Task inputs:
* * *
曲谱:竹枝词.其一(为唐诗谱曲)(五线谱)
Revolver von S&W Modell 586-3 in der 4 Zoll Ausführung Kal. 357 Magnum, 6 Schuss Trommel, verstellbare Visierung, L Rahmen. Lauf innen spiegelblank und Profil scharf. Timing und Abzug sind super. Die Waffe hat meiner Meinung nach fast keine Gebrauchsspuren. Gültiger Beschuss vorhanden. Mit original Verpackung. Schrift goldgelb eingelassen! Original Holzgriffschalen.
* * *
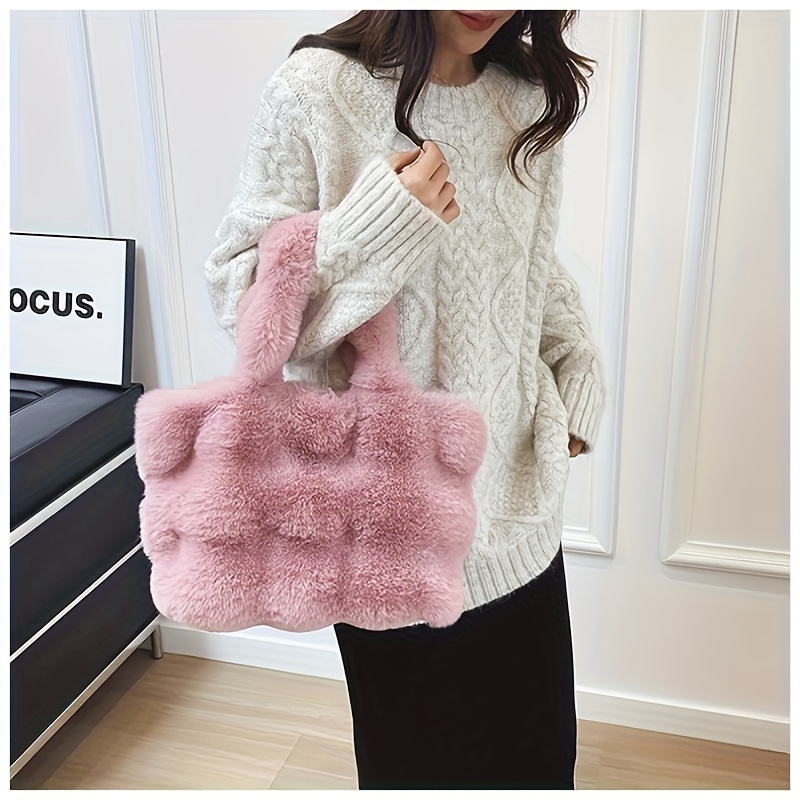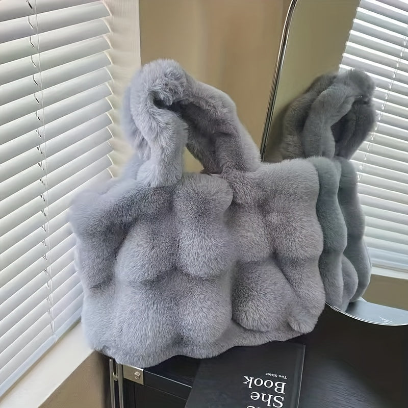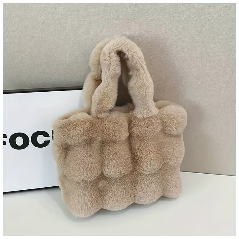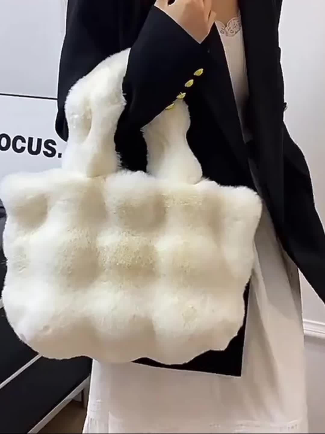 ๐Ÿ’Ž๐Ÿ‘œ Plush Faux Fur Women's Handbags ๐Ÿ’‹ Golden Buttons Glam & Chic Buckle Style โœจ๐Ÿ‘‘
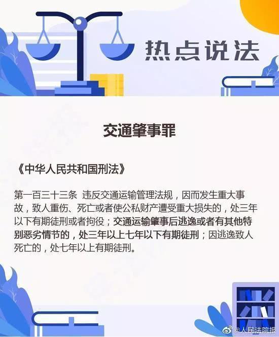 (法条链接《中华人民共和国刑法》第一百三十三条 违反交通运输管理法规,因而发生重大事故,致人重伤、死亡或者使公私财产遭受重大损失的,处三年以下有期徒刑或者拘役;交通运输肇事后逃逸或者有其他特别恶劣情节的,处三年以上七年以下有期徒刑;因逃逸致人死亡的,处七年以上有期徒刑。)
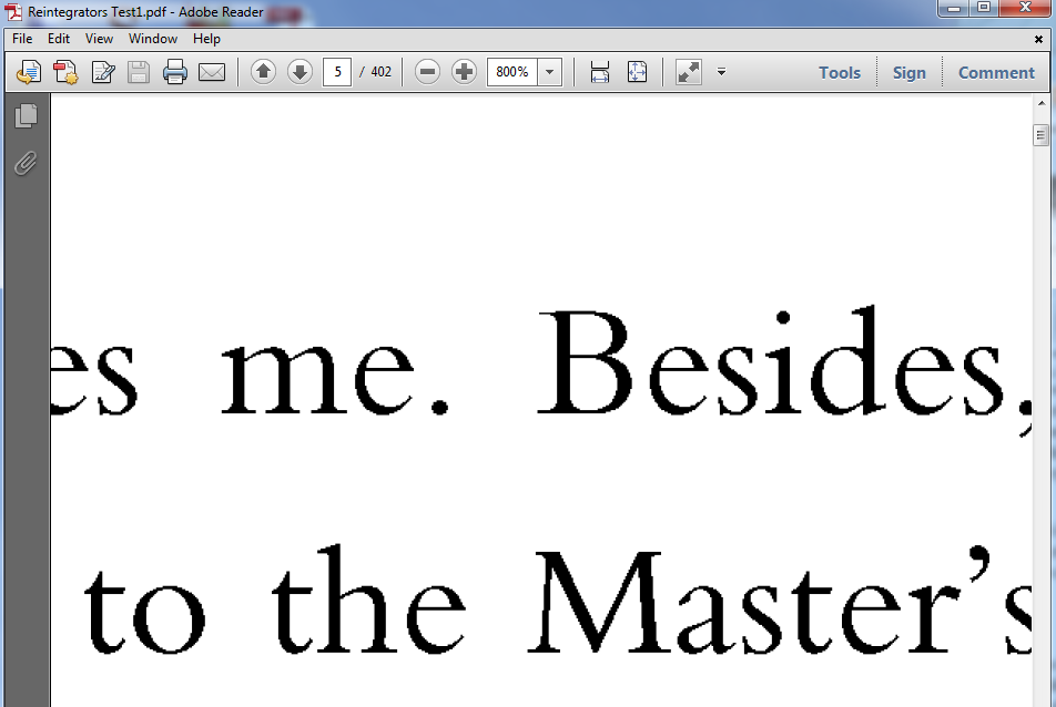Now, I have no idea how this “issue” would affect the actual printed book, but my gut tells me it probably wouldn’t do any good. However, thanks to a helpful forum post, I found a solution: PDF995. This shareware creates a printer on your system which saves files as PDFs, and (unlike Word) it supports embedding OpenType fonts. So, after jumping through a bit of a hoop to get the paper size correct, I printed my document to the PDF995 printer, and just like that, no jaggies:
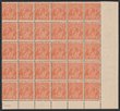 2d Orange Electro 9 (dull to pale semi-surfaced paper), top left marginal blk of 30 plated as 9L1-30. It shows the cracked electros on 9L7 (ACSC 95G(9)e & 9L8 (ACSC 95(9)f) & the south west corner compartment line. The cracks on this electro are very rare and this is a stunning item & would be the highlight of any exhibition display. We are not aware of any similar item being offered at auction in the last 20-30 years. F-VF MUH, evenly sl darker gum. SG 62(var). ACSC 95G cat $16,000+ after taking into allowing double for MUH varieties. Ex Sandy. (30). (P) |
* * *
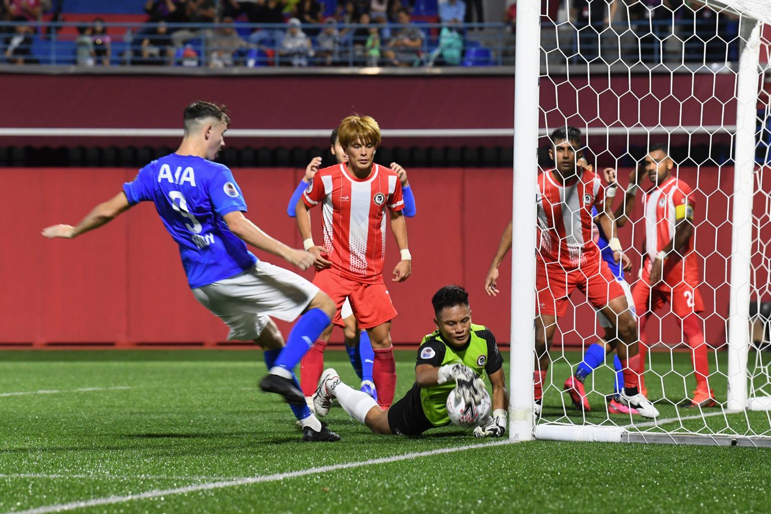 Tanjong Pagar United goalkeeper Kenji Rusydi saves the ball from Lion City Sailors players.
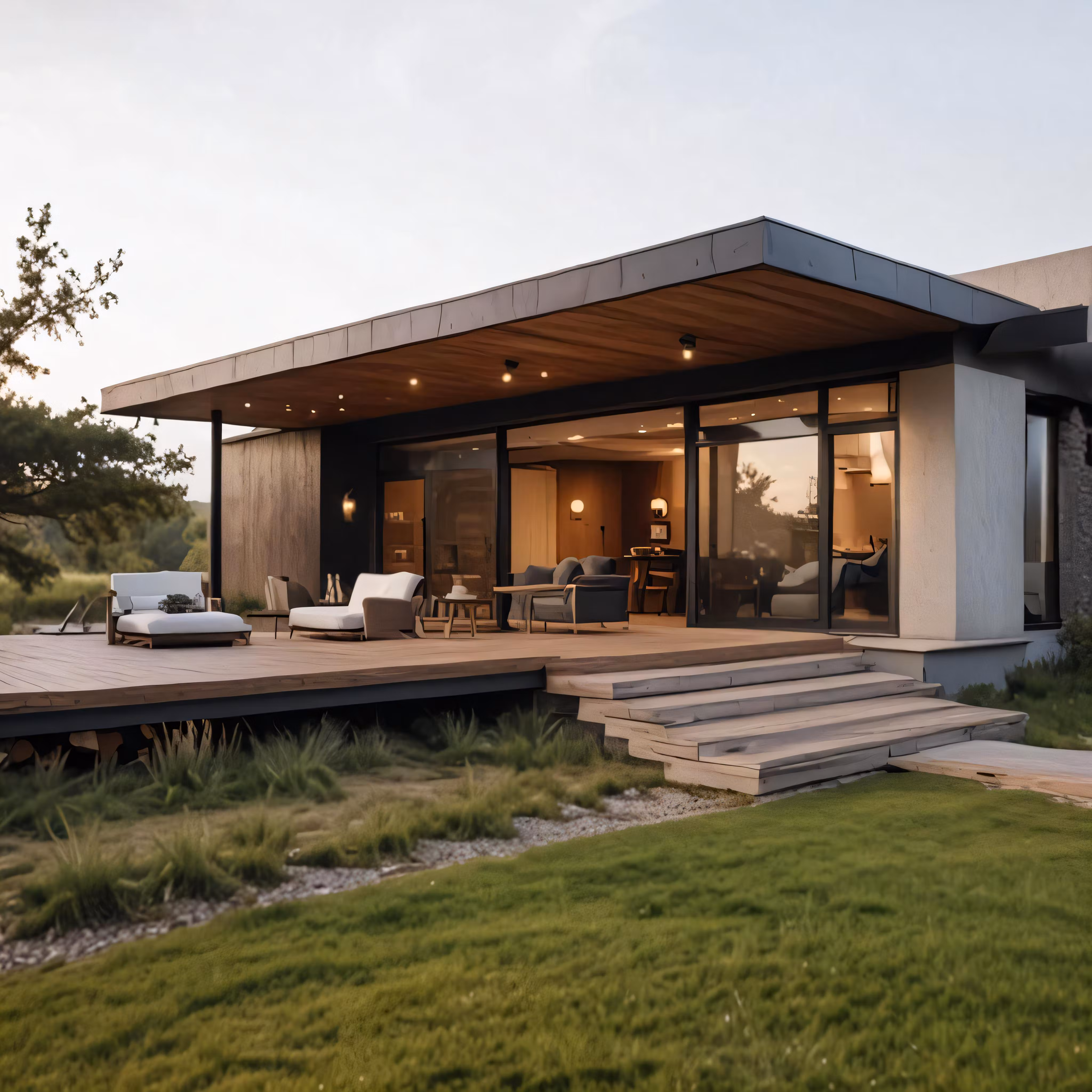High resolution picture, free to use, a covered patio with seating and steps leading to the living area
* * *
Aim of the exercise: Above this instruction are the records; retype exactly the lines from the one containing "曲谱:竹枝词.其一(为唐诗谱曲)(五线谱)" up to and including the one containing "Revolver von S&W".

Result of the exercise:
曲谱:竹枝词.其一(为唐诗谱曲)(五线谱)
Revolver von S&W Modell 586-3 in der 4 Zoll Ausführung Kal. 357 Magnum, 6 Schuss Trommel, verstellbare Visierung, L Rahmen. Lauf innen spiegelblank und Profil scharf. Timing und Abzug sind super. Die Waffe hat meiner Meinung nach fast keine Gebrauchsspuren. Gültiger Beschuss vorhanden. Mit original Verpackung. Schrift goldgelb eingelassen! Original Holzgriffschalen.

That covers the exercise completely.